Изабелла молчала. Она молилась о том, чтобы капитуляция последнего мавританского оплота не стоила христианам слишком большой крови.

Но время шло, а Боабдил все не приезжал.

Глядя на Фердинанда, Изабелла понимала, что он уже подумывает об осаде Гранады.

К монархам привели гонца.

Гонец вручил Фердинанду письмо, тот прочитал его и молча передал Изабелле.

«Явиться на ваш вызов не могу, не позволяет ситуация, – писал Боабдил. – Поверьте, сам я всей душой желал бы сдержать данное вам слово, но из Гранады меня в ближайшее время не выпустят. Город усиленно охраняется, множество людей съехались со всего королевства, чтобы защищать его. Посему прошу меня простить за нарушенное мной обещание».

Фердинанд сжал кулаки, на висках обозначились узловатые вены.

– Итак, они не сдадутся, – процедил он.

– Гранада слишком много значит для них, – мягко заметила Изабелла. – Когда мы ее возьмем, наша победа будет окончательной – неужели ты и вправду думал, что она достанется нам даром, без малейших усилий с нашей стороны?

– Он дорого заплатит за свою глупость, – сказал Фердинанд. – Это письмо решило его судьбу – так же, как и участь его подданных. Все, больше никаких колебаний! Сегодня же объявляем поход на Гранаду.

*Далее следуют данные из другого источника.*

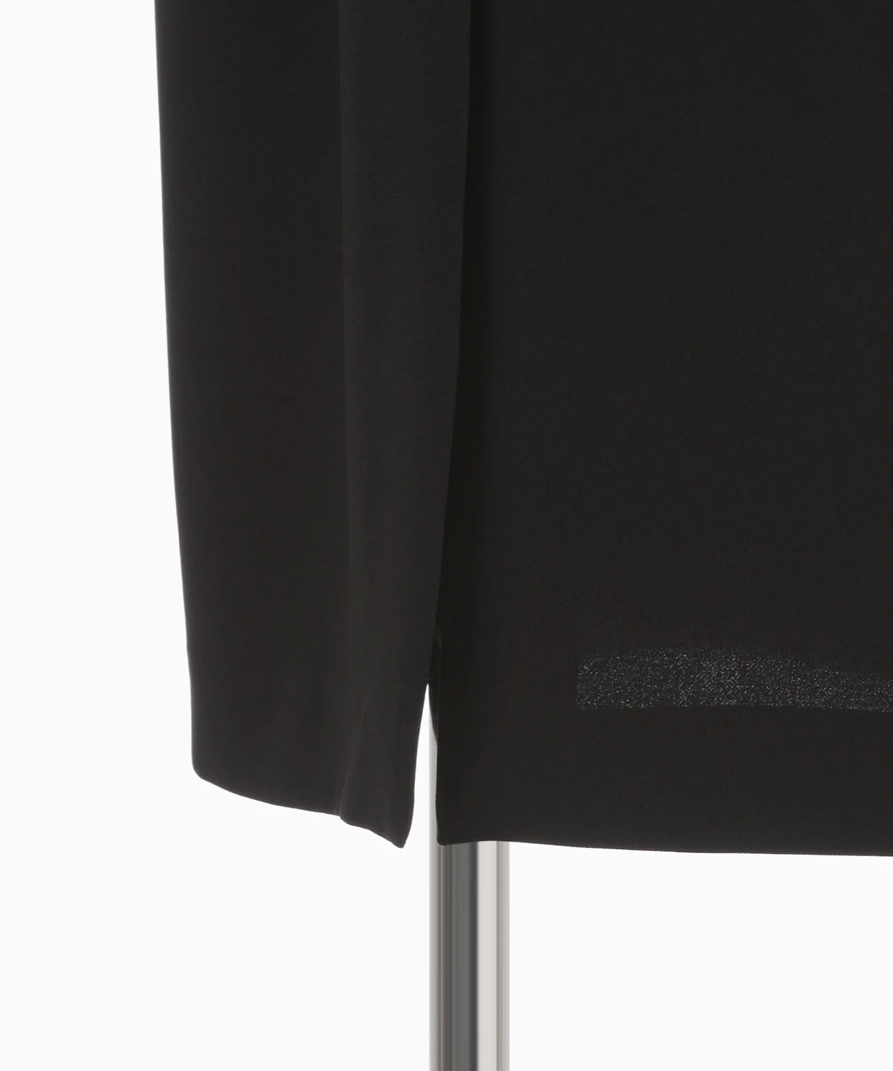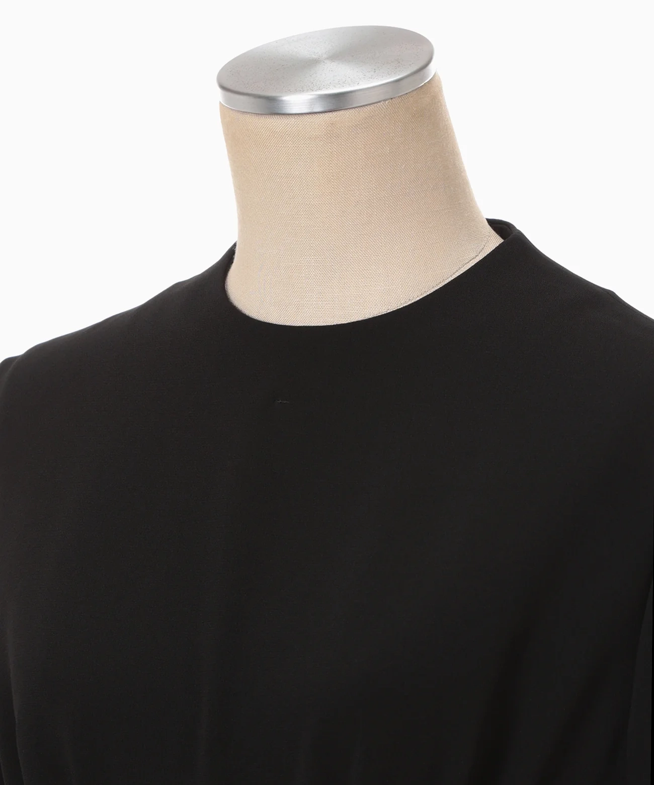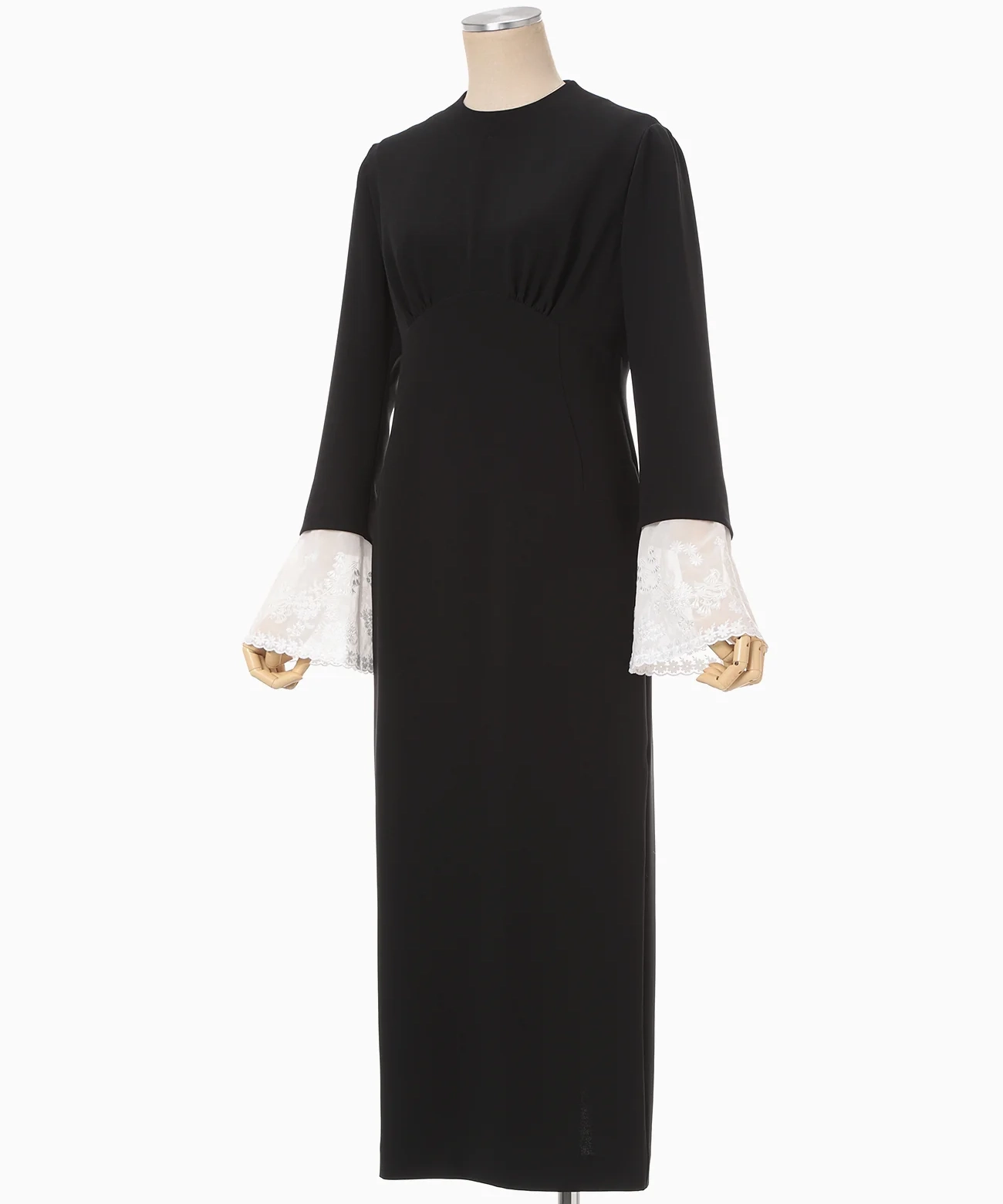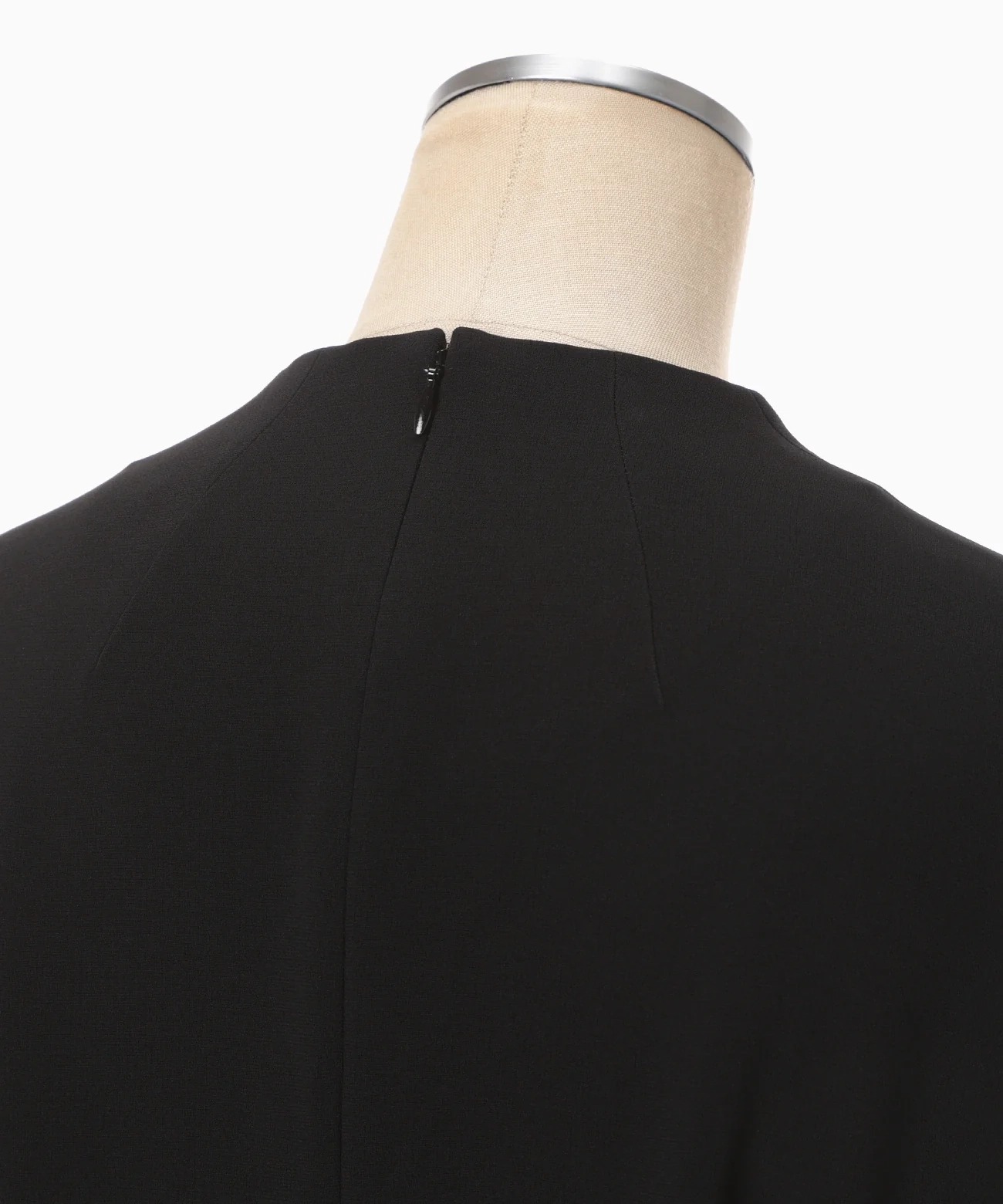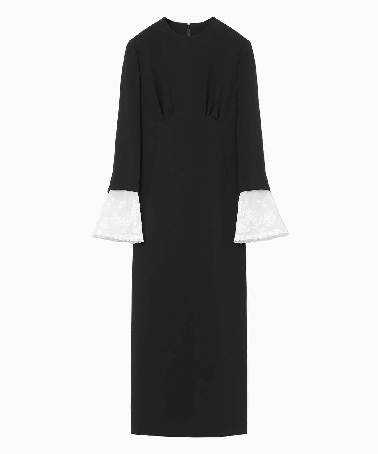 トリアセテートにポリエステルをブレンドしたジョーゼットを採用。ふくらみのある糸使いで発色が良く、ストレッチ性とイージーケア性を両立。ウエストを高めに設定したミニマルなIラインが縦のラインを強調し、スタイルアップを叶えます。袖口のレースカフスは着脱可能で、場面に応じたアレンジが可能です。日本製。

Монархи созвали Государственный совет, и уже во время заседания стали поступать сообщения о бунтах в городах, еще недавно отвоеванных у мавров. Мало того, мавры совершали дерзкие набеги на христианскую территорию, убивали или уводили в плен всех христиан, попадавшихся им по пути.

Таков был ответ на приказ, посланный мавританскому правителю.

Война продолжалась. Мавры были полны решимости защитить свой последний оплот на земле, семьсот лет тому назад принявшей их первых поселенцев.

В небольшом домике на окраине Кордовы Кристобаль по-прежнему ждал вызова ко двору. Вызова все не было. Изредка приходили придворные, чаще других – Луис де Сант'Анжель.

Беатрис де Бобадилла присылала письма и небольшие суммы денег. Как она уверяла – полученные от королевы.

Это его не радовало. Он ждал вызова ко двору и денег на трансатлантическую экспедицию.

Теперь уже маленький Фердинанд, сын Кристобаля и Беатрис Аранской, сиживал на отцовских коленях и слушал рассказы о морских путешествиях, как прежде внимал им его первенец Диего.

Беатрис тревожилась за Кристобаля. Когда-то она в душе желала, чтобы ее возлюбленный больше ни разу не появился при дворе, откуда его могли послать в опасное морское плавание – но вот ее желание, казалось, начинало исполняться, а ей от этого лучше не становилось. Слишком уж невыносимо было видеть седеющего и стареющего Кристобаля, слушать его жалобы на злой рок, так долго мешающий ему осуществить задуманное.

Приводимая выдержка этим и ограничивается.